In 2008, when Sarah Palin entered the stage to debate her fellow vice presidential candidate, Joe Biden, she asked him first thing: "Hey, can I call you Joe?" It was a charming moment. In Palin's aw-shucks manner, she not only neutralized Biden as a formidable foe but reminded folks watching at home that she was just a gal from Wasilla, Alaska, who liked to keep things simple and personal. It may have been the only brilliant line to come from the then-governor of Alaska that night.

In reality, the reason she asked to call him Joe was because during debate preparations, according to her memoirs, she had called him "O'Biden." Obama, O'Biden, get it? Finally, her team advised her to just call him Joe.

A couple of years later, I asked Biden how much he had held back during the debate, figuring he had been instructed to treat her gingerly, to avoid appearing the bully or a show off.

He laughed and said, "A lot!"

But the truth is, Biden wouldn't have had to try very hard to be generous with Palin. Notwithstanding his handling of the 1991 interrogation of Anita Hill as chairman of the Senate Judiciary Committee when she testified against Supreme Court Justice Clarence Thomas for sexual harassment, he is naturally kind. And, as we've recently been reminded, affectionate.

Most important, in contrast to President Donald Trump, Biden is freighted with copious supplies of empathy. While his well-known personal losses have made him a fuller man capable of great compassion, Trump seems to have been born without the capacity to feel anything for others beyond their utilitarian value.
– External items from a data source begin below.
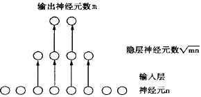 在神经网络训练的过程中,比较重要的是网络层数的确定、隐含层神经元个数的确定等几个问题。因为本文采用了10个参数,所以本网络输入层有10个神经元,而输出层确定为2个神经元,根据在许多场合均适用的一条有关确定隐含层节点数的规则是所谓的几何金字塔规则[2]:从输入层到输出层,节点数不断减少,其形好似金字塔,见图2。根据此规则和该神经网络的输入层和输出层的神经元个数确定本网络的隐含层神经元个数为5左右,然后根据多次实验确定隐含层神经元个数为6。
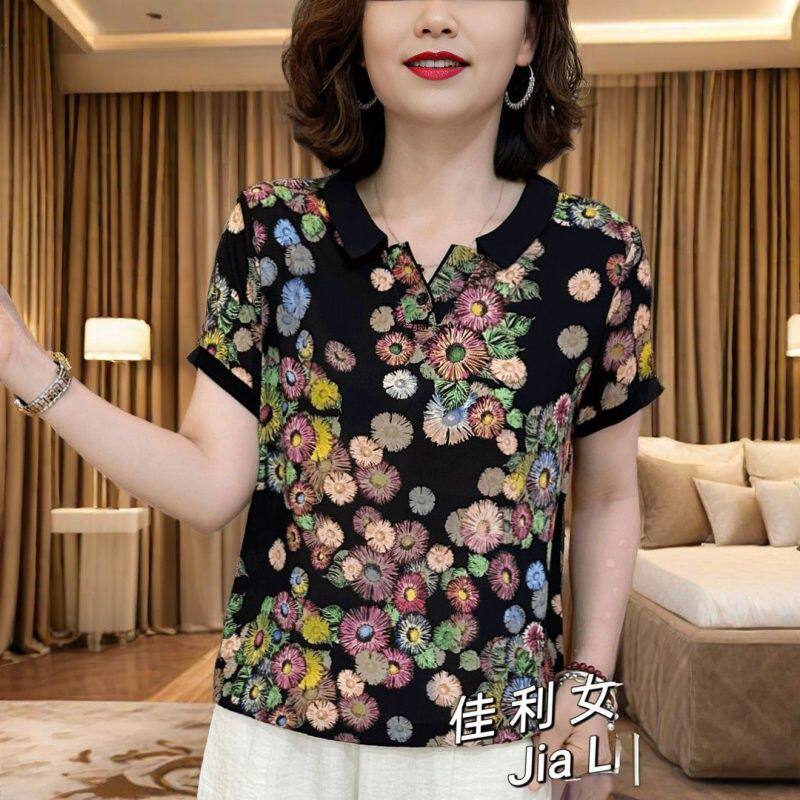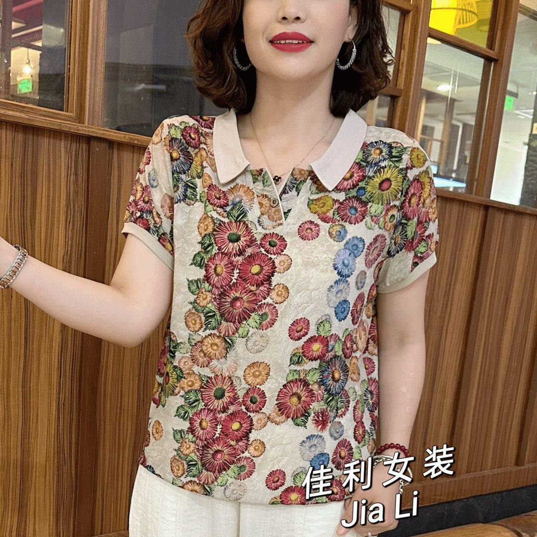 妈妈夏装翻领碎花小衫夏季新款短袖T恤女中老年宽松洋气POLO上衣
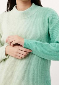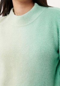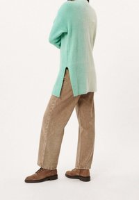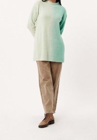 Pull en maille côtelée vert clair, pantalon en velours côtelé beige et bottes marron à lacets avec une semelle épaisse. Design simple et texturé avec une coupe décontractée.
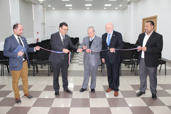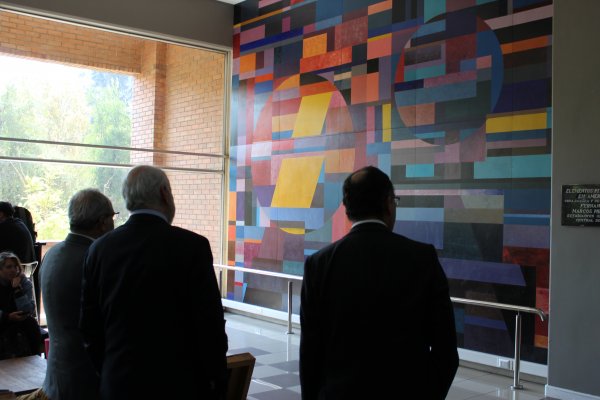 Por último, los representantes institucionales guiados por los de Facultad, avanzaron al primer piso, donde luego de apreciar el mural “Elementos Pitagóricos en América”, obra aportada a nuestra universidad por el destacado muralista nacional don Fernando Marcos Miranda, restaurado durante los trabajos de mantenimiento realizados en verano, se dirigieron al nuevo Auditorio del edificio que cuenta con nuevos recursos de iluminación, TIC, audio, mobiliario, cortinaje blackout y otras mejoras estructurales. Fue aquí donde se realizó el corte de cinta que formalizó la inauguración de esta actualización de la infraestructura.
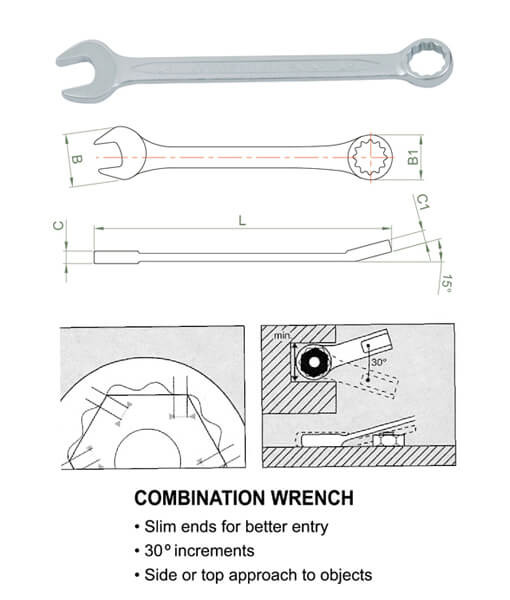 CLÉ MIXTE STANDARD – MÉTRIQUE chromee
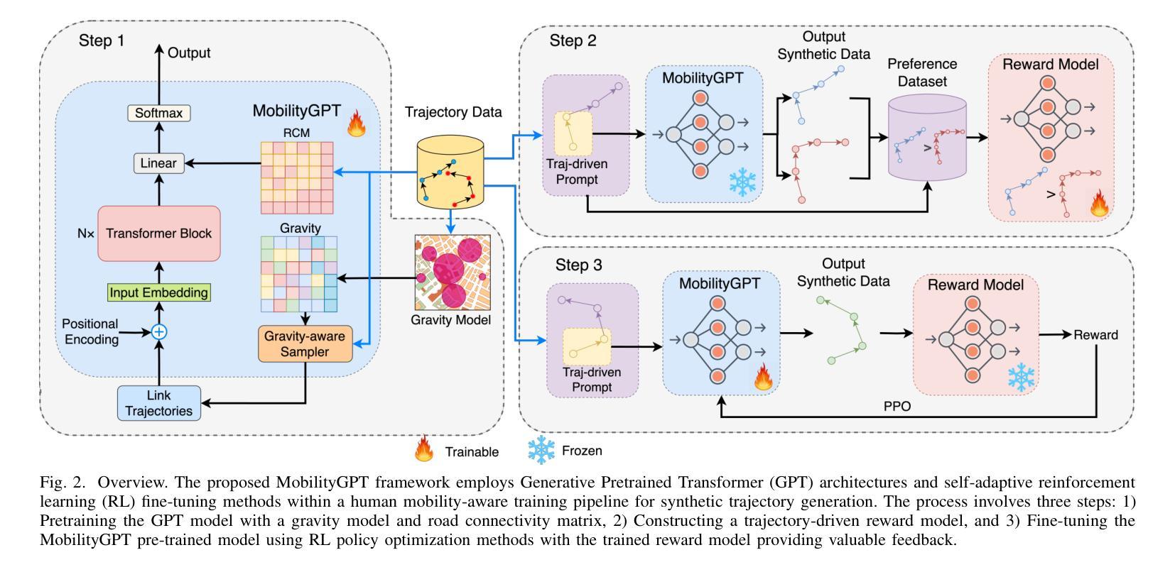 基于生成式预训练转换器(GPT)架构,研究者提出了一种地理空间感知的生成模型MobilityGPT,用于解决人类移动性建模的问题。该模型通过自回归生成任务的形式,能够捕捉人类移动性特征并生成合成轨迹。为解决生成的地理空间数据语义真实性问题,研究者提出了基于重力的采样方法进行训练,并通过道路连通性矩阵约束训练过程,以保证生成轨迹的地理空间限制。此外,通过强化学习从轨迹反馈(RLTF)机制构建偏好数据集进行微调,使MobilityGPT能够生成最接近真实数据的优质移动轨迹。
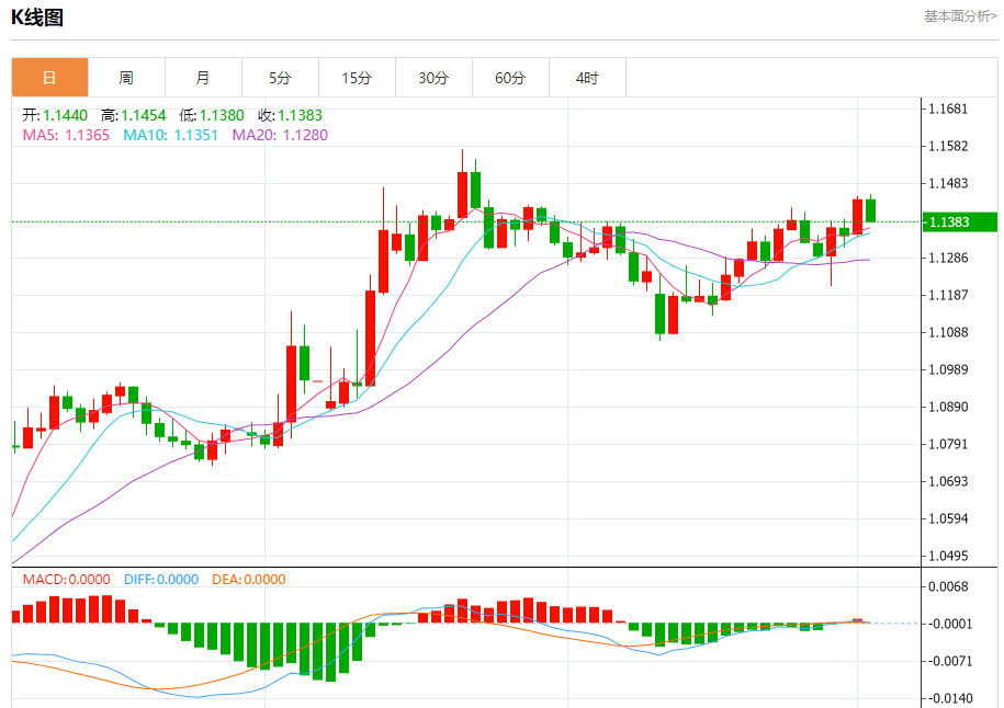 周二盘中,欧元/美元报1.1384,跌幅0.48%。
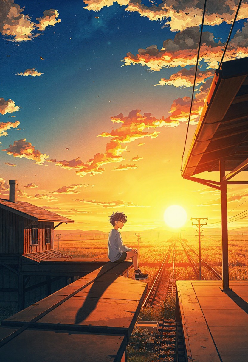 Vertical 9:16 cinematic anime scene, anime boy sitting quietly on the roof of a small rural train station, distant fields glowing under the setting sun, cicadas humming in the background, nostalgic golden light, detailed soft watercolor anime shading.
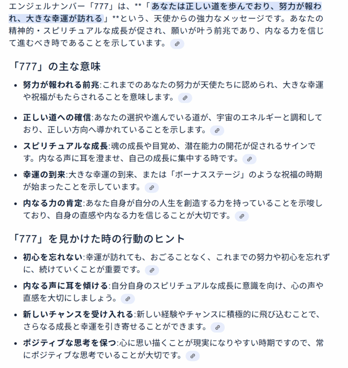 エンジェルナンバーの777をヤフーのAIで調べてみると
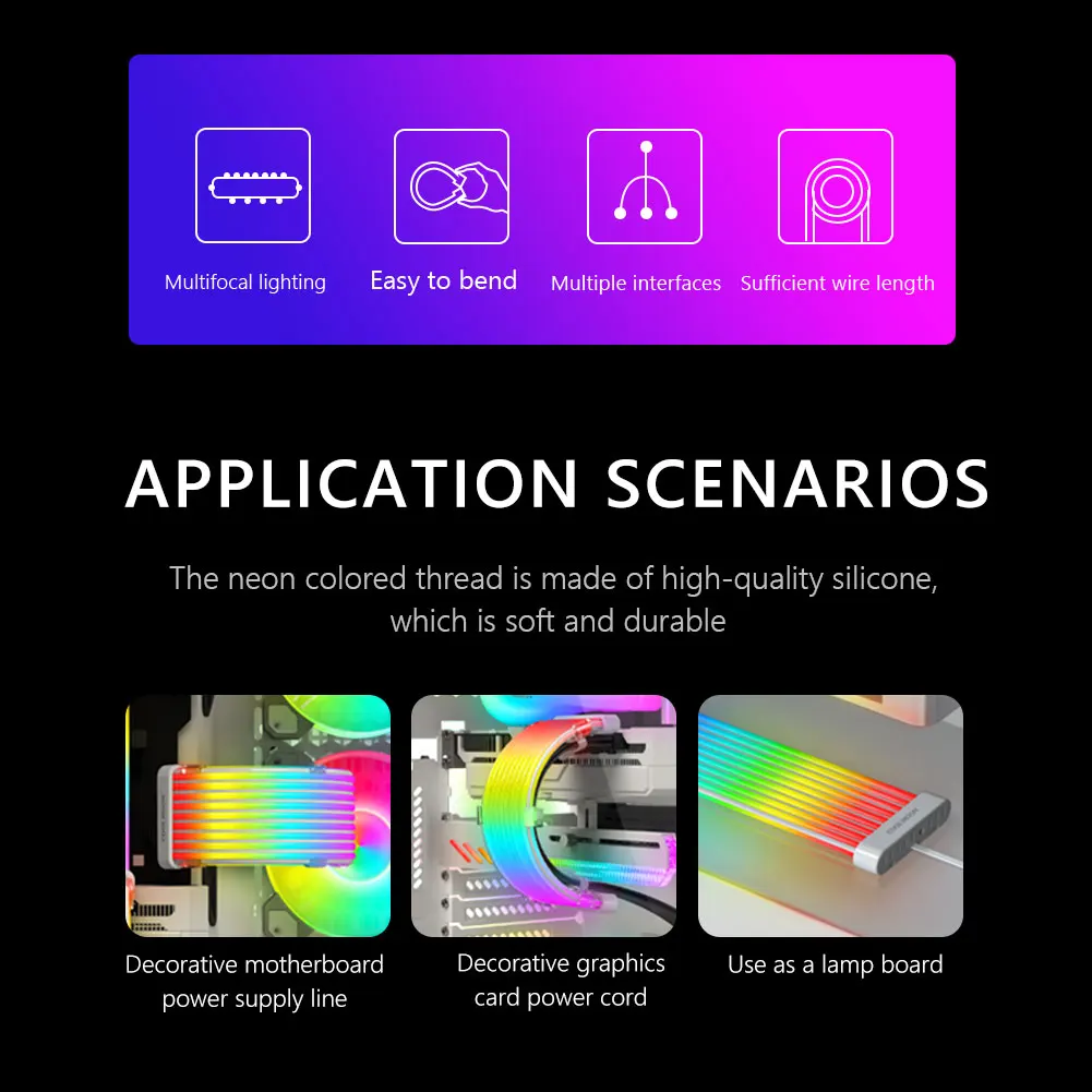 4.LED ARGB a todo color de alta densidad:Nuestro cable de extensión incorpora 56/36 LED ARGB a todo color de alta densidad.A través de la tira guía de luz de silicona de alta fidelidad, las luces emiten un suave efecto dimensional 3D, brindando colores vibrantes y una iluminación visualmente agradable.Los conectores 5V 3PIN*2+4PIN permiten un cableado conveniente y mejoran la compatibilidad del producto.

The question for Biden, who became the 21st Democrat to toss his hat in the ring, is whether he is tough enough to be president. And, given the youthful fervor of the Democratic Party these days, is he, at age 76, too old?

I'd never say someone is too old for a given job, assuming qualifications and good health. I might question why anyone would want to be president at any age, but Biden's explanation rings true. He is viewed by many as the candidate most likely to take Trump down. To kill him with kindness, as it were, as well as with experience, knowledge, and a remarkable personal history.

That Biden isn't a cauldron of raging hormones, or shouting slogans of radical change, is likely more comforting than not to many Americans, including baby boomers who aren't dead yet and who tend to vote. Moreover, he's a longtime populist and activist for America's working class, thus perfectly positioned to woo back some of the almost 40 million white working-class Americans who voted for Trump.

Unlike Trump and Sen. Bernie Sanders - 72 and 77, respectively - Biden isn't a grumpy old man. He's got a megawatt smile and doesn't hide it behind a pout. He's imperfect, yes. But his malaprops and his too-affectionate ways are endearing compared with the boasts and bloody bombast of The Current Occupant.

Finally, age confers some privileges: Joe won't have to chop wood, shoot a gun, or perform any of the other "manly" stunts male candidates often do, presumably to convey strength, stamina, virility, or whatever. Really, hasn't this gimmick run its course? The presidency hardly requires that one mount a rough steed and spear an antelope for din-din. Besides, we've all witnessed Biden's suffering and profound grief. He doesn't have to prove a thing.

Come primary season, Biden may well be the only Democrat for whom Republicans could vote and, later, the only one who could graciously show Trump out. But all factors considered, he's not otherwise the obvious candidate. That person is a male veteran and a former Navy intelligence officer who studied at Harvard and Oxford as a Rhodes Scholar. Well-rounded, in other words. At 37, he's very young, but he speaks engagingly in ways that wouldn't strike fear in the elder heart.

Pete Buttigieg, who has served as mayor of South Bend, Ind., since 2012, is the Barack Obama of his generation, a composite of opposites generated by an anti-Trump algorithm. And he's today's quintessential candidate. The country may not yet be ready for a gay man and his husband in the White House, but Buttigieg is in my view the most significant voice in the presidential race.

And, hey, you can call him Mayor Pete.